─── Raw data ───

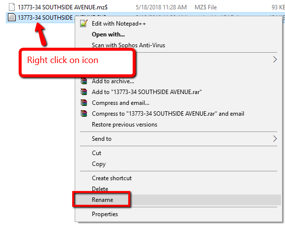 6. Right click on each file and select the option to rename:
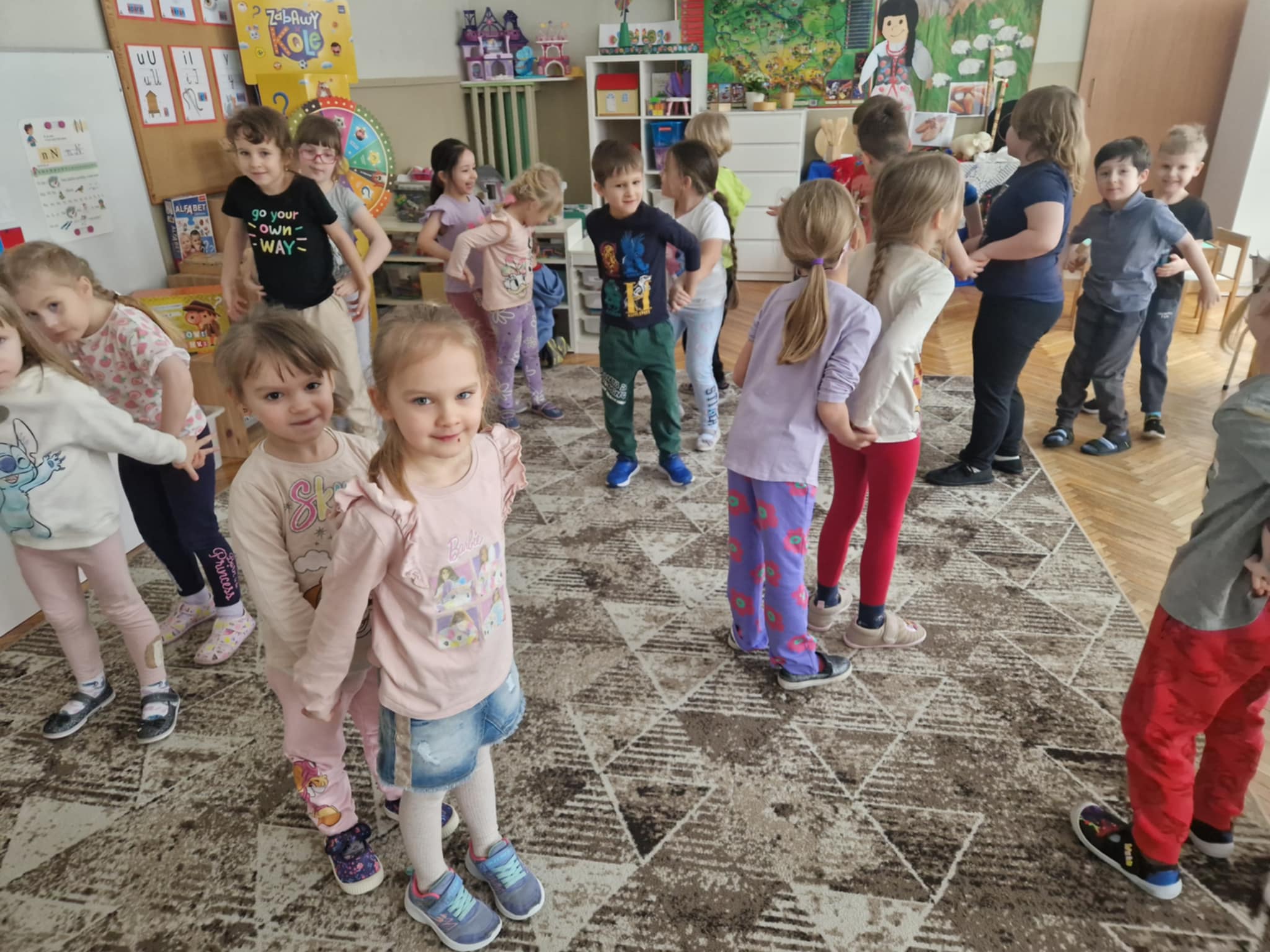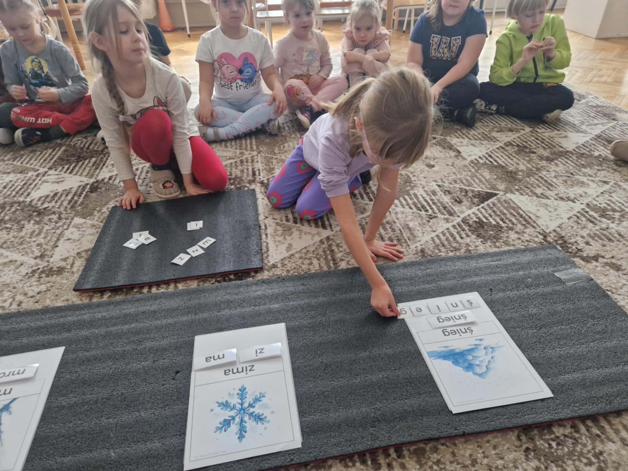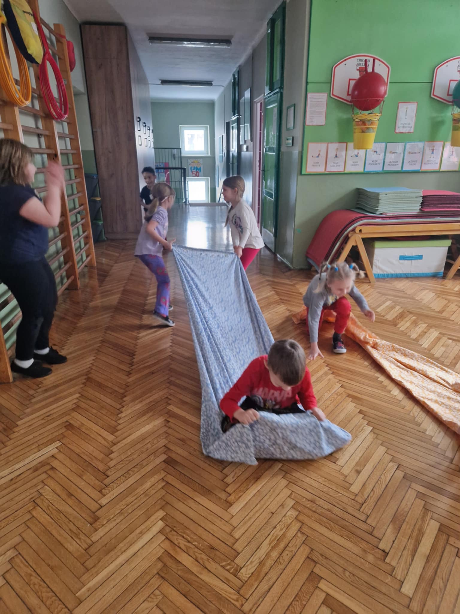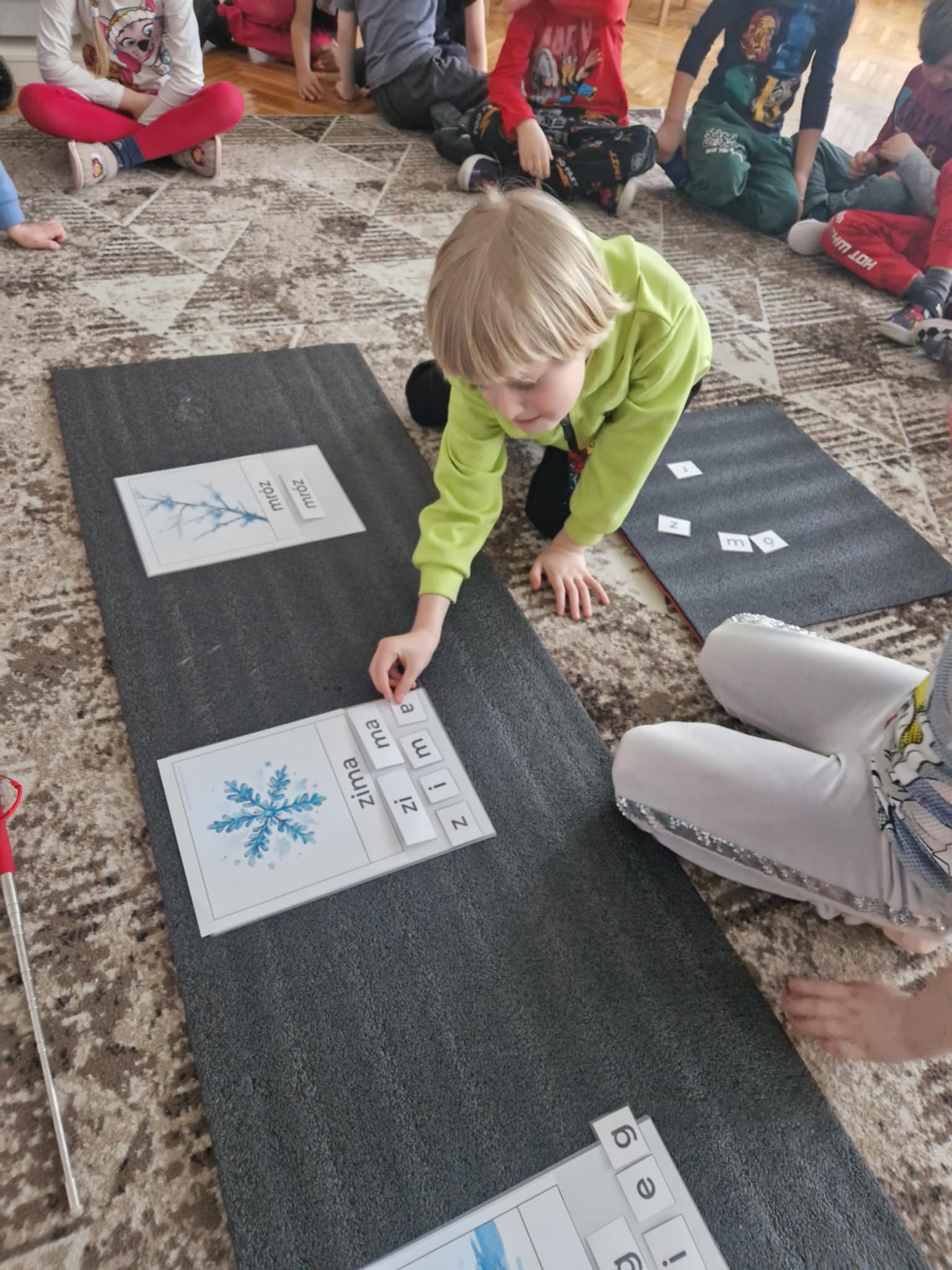 Dzieci z grupy 3 i 4 poznawały sporty zimowe, w których wykorzystywane są sanki, łyżwy i narty. Mówiliśmy o dyscyplinach sportowych takich jak saneczkarstwo, skoki narciarskie czy jazda figurowa na lodzie. Była zabawa w saneczki i skoczków narciarskich. Następnie dzieci wykonały pracę plastyczne utrwalając poznane sporty zimowe.
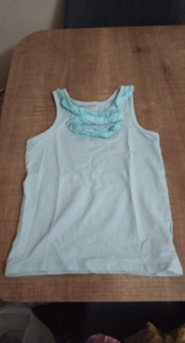 Kolsuz, turkuaz renkli kız çocuk atleti, yuvarlak yakada fırfır detayları ve vücuda oturan kesimiyle. Yumuşak keten kumaştan, sade ve basic tarzda, günlük kullanıma uygun.
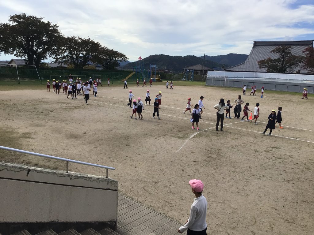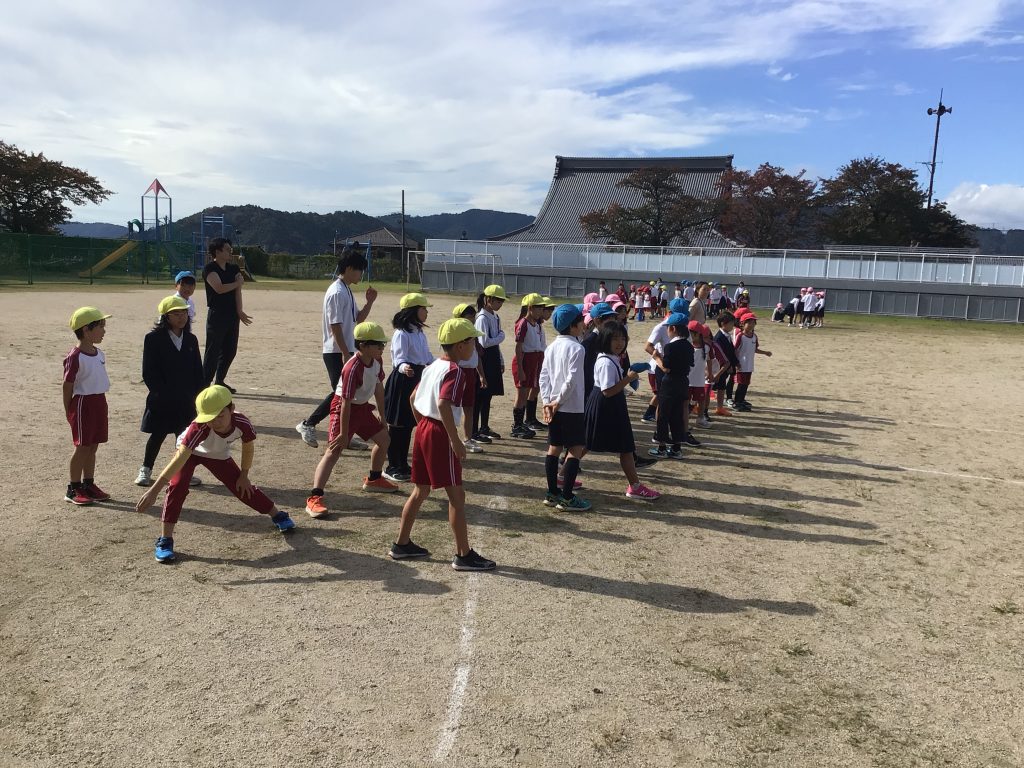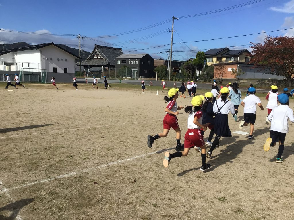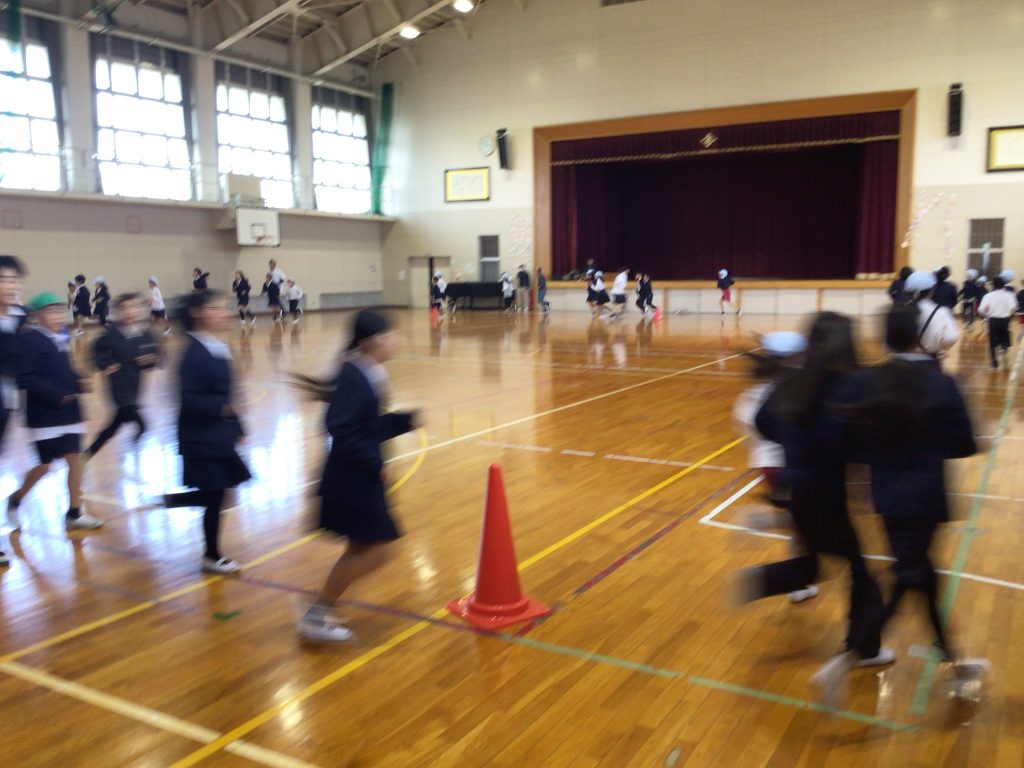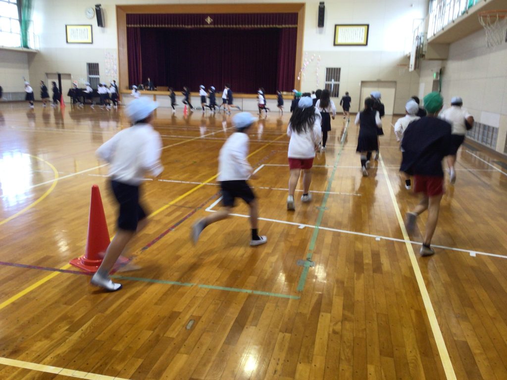 1年生から4年生まではグラウンド、5・6年生は体育館を走っています。
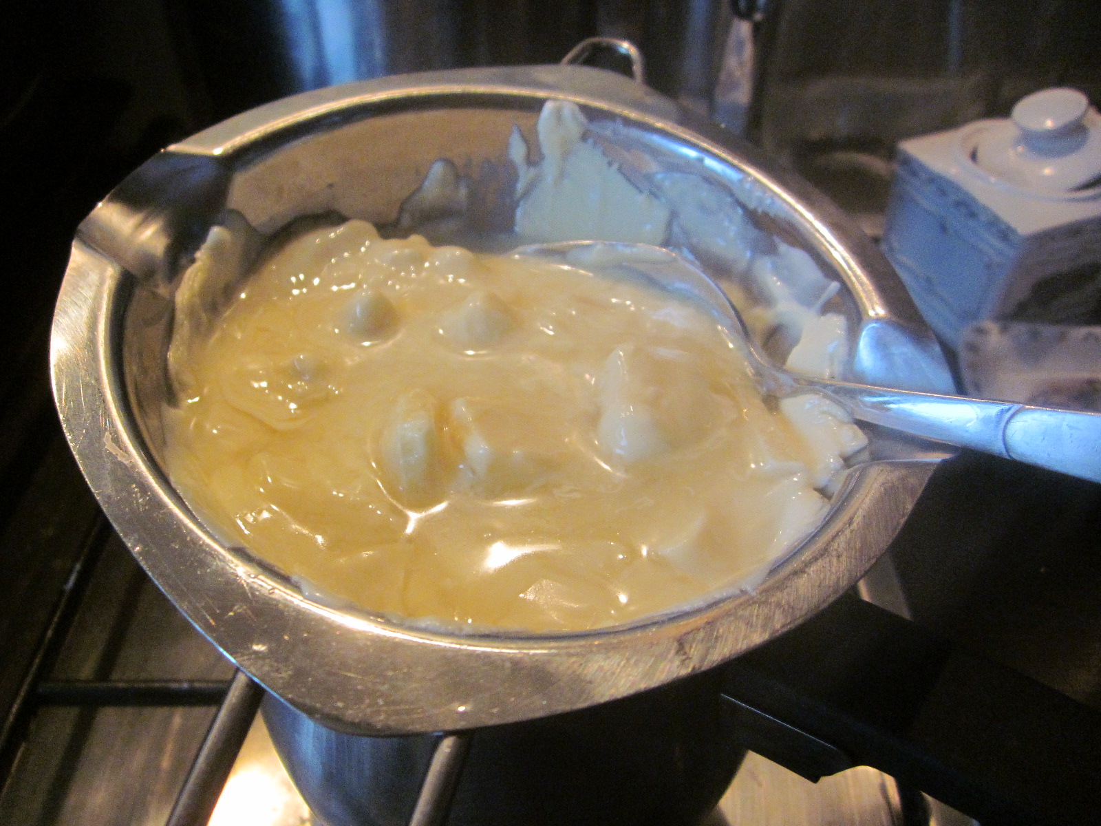 - Crema de caramel se lasă la răcit, apoi se toarnă peste glazura de ciocolată albă. Atenție! Ambele compoziții trebuie să fie reci, altfel se întrepătrund.
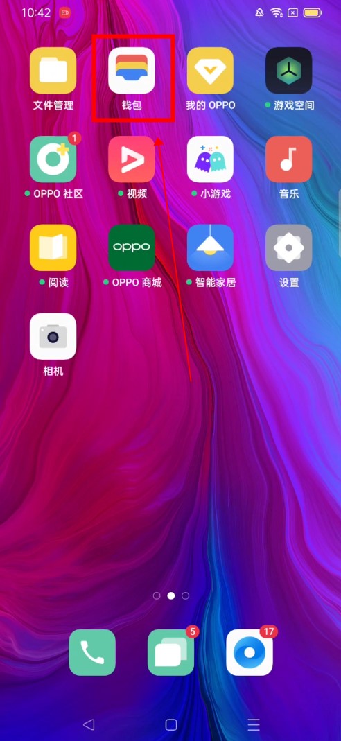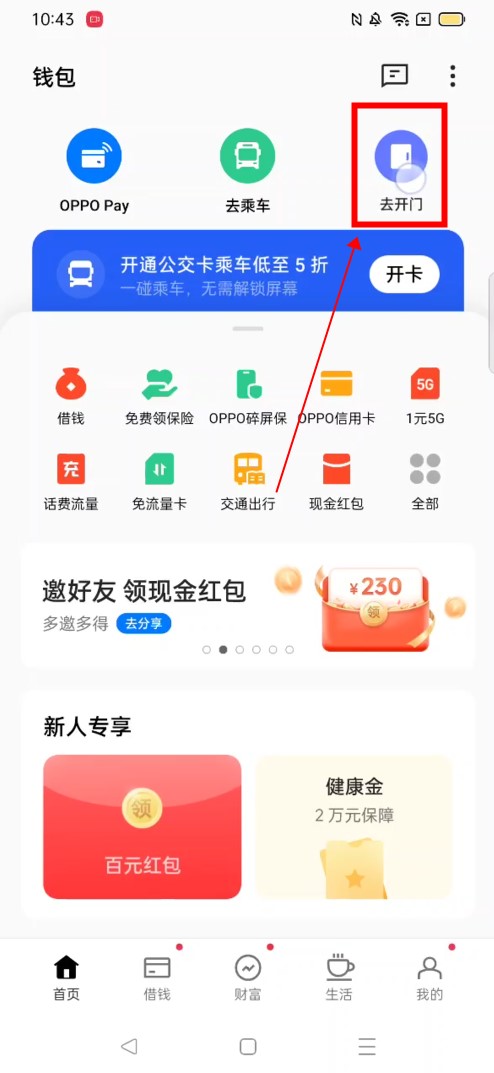 回到你的手机桌面,点击顶部的“钱包”。

───

■ Your assignment ■
An unchanged copy of the listing, with no pictures, should be returned.

■ Result for this exercise ■
 6. Right click on each file and select the option to rename:
 Dzieci z grupy 3 i 4 poznawały sporty zimowe, w których wykorzystywane są sanki, łyżwy i narty. Mówiliśmy o dyscyplinach sportowych takich jak saneczkarstwo, skoki narciarskie czy jazda figurowa na lodzie. Była zabawa w saneczki i skoczków narciarskich. Następnie dzieci wykonały pracę plastyczne utrwalając poznane sporty zimowe.
 Kolsuz, turkuaz renkli kız çocuk atleti, yuvarlak yakada fırfır detayları ve vücuda oturan kesimiyle. Yumuşak keten kumaştan, sade ve basic tarzda, günlük kullanıma uygun.
 1年生から4年生まではグラウンド、5・6年生は体育館を走っています。
 - Crema de caramel se lasă la răcit, apoi se toarnă peste glazura de ciocolată albă. Atenție! Ambele compoziții trebuie să fie reci, altfel se întrepătrund.
 回到你的手机桌面,点击顶部的“钱包”。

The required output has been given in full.